Answer :  By changing the Protection Policy a database is associated with, you are only changing the metadata.  Once the change is made, the database follows the Protection Policy rules it is now associated with, and no longer is associated with the old Protection Policy

How this plays out with a real example is... 
My Database (PRODDB) is a member of a Protection Policy (GOLD) which has a Recovery Window Goal of 20 days, and a Max Retention Window of 40 days (the default value being 2x the Recovery Window Goal).
My Database (PRODDB) currently has 30 days of backups, which is right in the middle. 
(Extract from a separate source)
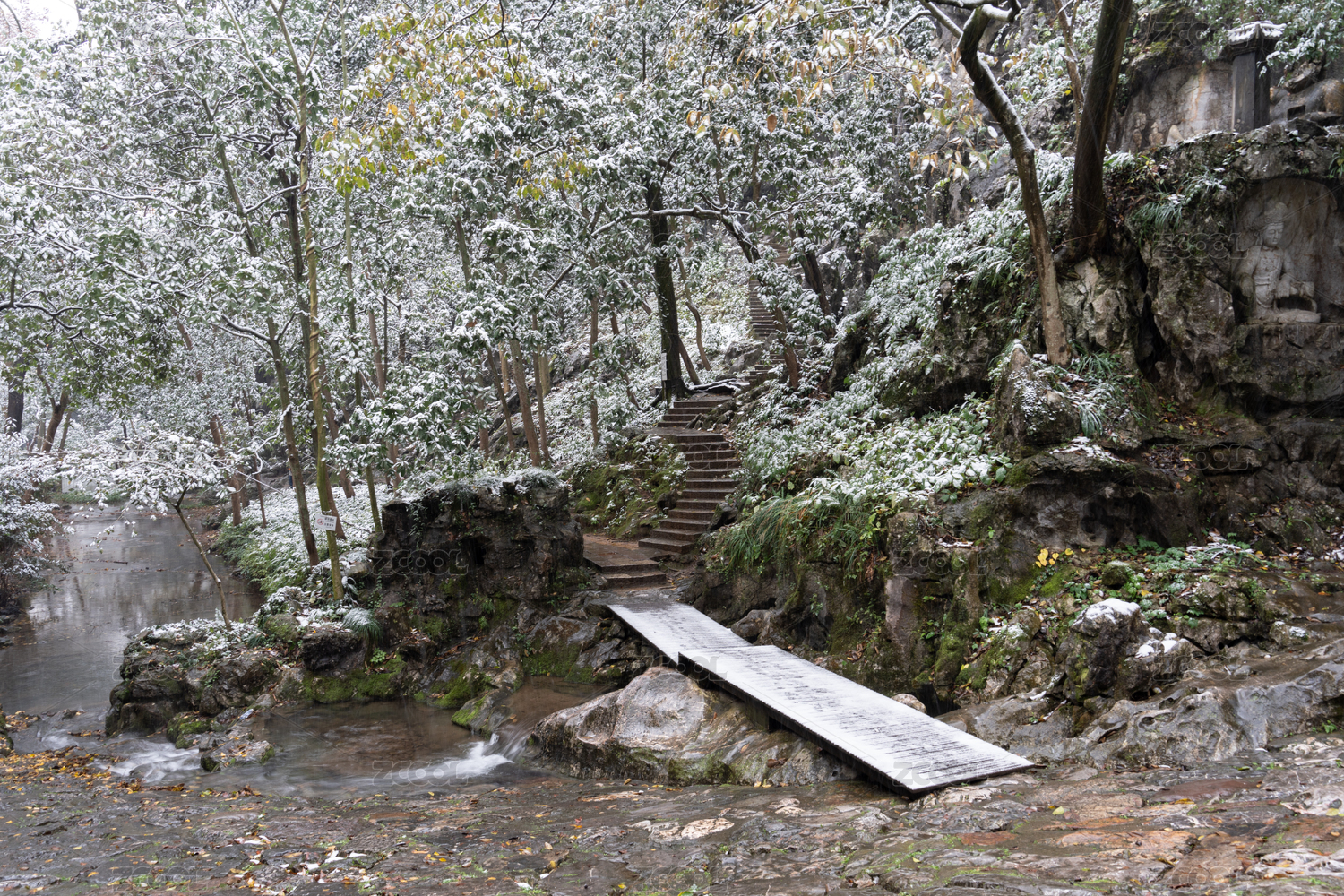 杭州市灵隐飞来峰景区的雪景

 What would normally happen for this database is (given enough space), backups will continue to be kept until PRODDB has 40 days of backups.  On day 41, a maintenance job (which runs daily) will execute, and find that my database, PRODDB, has exceeded it's Recovery Window Goal.  This job will remove all backups (in a batch process for efficiency) that are older than 20 days.
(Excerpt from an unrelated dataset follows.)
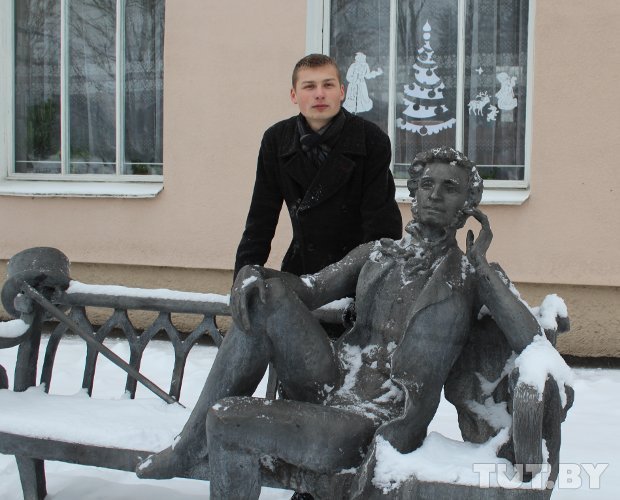 Вернемся к Никите в Новополоцк. Тут есть библиотека имени А.С. Пушкина и памятник поэту. Одна из первых фотографий студента в городе — рядом с памятником. Уверяет, не похож.

BUT ........................

Today, I moved my database, PRODDB, to a new protection policy (Silver) which only has a 10 day Recovery Window Goal, and a Max Recovery Window of 20 Days.


As I pointed out, the characteristics of the NEW Protection Policy will be used, and the next time the daily purge occurs, this database will be flagged, and all backups greater than the Recovery Window Goal will be purged.





Retiring databases: - 

One very common question how to handle the retiring of database.  As you might know, when you remove a database from the ZDLRA, ALL backups are removed from ZDLRA.
When a database is no longer sending backups to the ZDLRA,  the backups will continue to be purged until only a single level 0 backup remains.  This is to ensure that at least one backup is kept, regardless of the Max Recovery Window.
The best way to deal with Retiring database (and still keep the last Level 0 backup) through the use of Protection Policies.
In my example for my database PRODDB, I am going to retire the database instead of moving it to the Silver policy.  My companies standard is to  keep the final backup for my database available for 90 days, and on day 91 all backups can be removed.

These are requirements from the above information.
  • At least 1 backup is kept for 90 days, even though my Max Recovery Window was 40 days.
  • I want to know when my database has been retired for 90 days so I can remove it from the ZDLRA.
In order to accomplish both of these items, I am going to create a Protection Policy named RETIRED_DB with the following attributes
  • Recovery Window Goal of 2 days
  • Max Recovery Window of 3 Days
  • Unprotected Data Window of 90 days
  • New Alert in OEM to tell me when a database in this policy violates its Unprotected Data Window
If you look closely at the attributes, you will noticed that I decreased the Recovery Window Goal to allow backups to be removed after 3 days.  I also set the Unprotected Data Window to be 90 days.
What this looks like over  time is 




As you can see by moving it to the new policy, within a few days, all backups except for the most recent Full back is removed.  You can also see that on day 91 (when it's time to remove this database) I will be getting an alert.

Migrating Databases:

Migrating databases is very similar to retiring databases, except that I don't want remove the old backups until they naturally expire.  For my example of PRODB with a Recovery Window Goal of 20 days, as soon as I have a new Level 0 on the new ZDLRA, I will move this database to a new policy (GOLD_MIGRATED) with the following attributes.
  • Recovery Window Goal of 20 days, since I still need to preserve old backups
  • Max Recovery Window goal of 21 days. This will  remove the old backups as they age off.
  • Unprotected Data Window of 21 days, which will alert me that it time to remove this database.
How this would look over time time is.




Conclusion:

When retiring or migrating databases, Protection Policies can be leveraged to both
  • Ensure backups are removed as they age out until only a single L0 (Full) remains
  • Alert you when it is time to remove the database from the ZDLRA.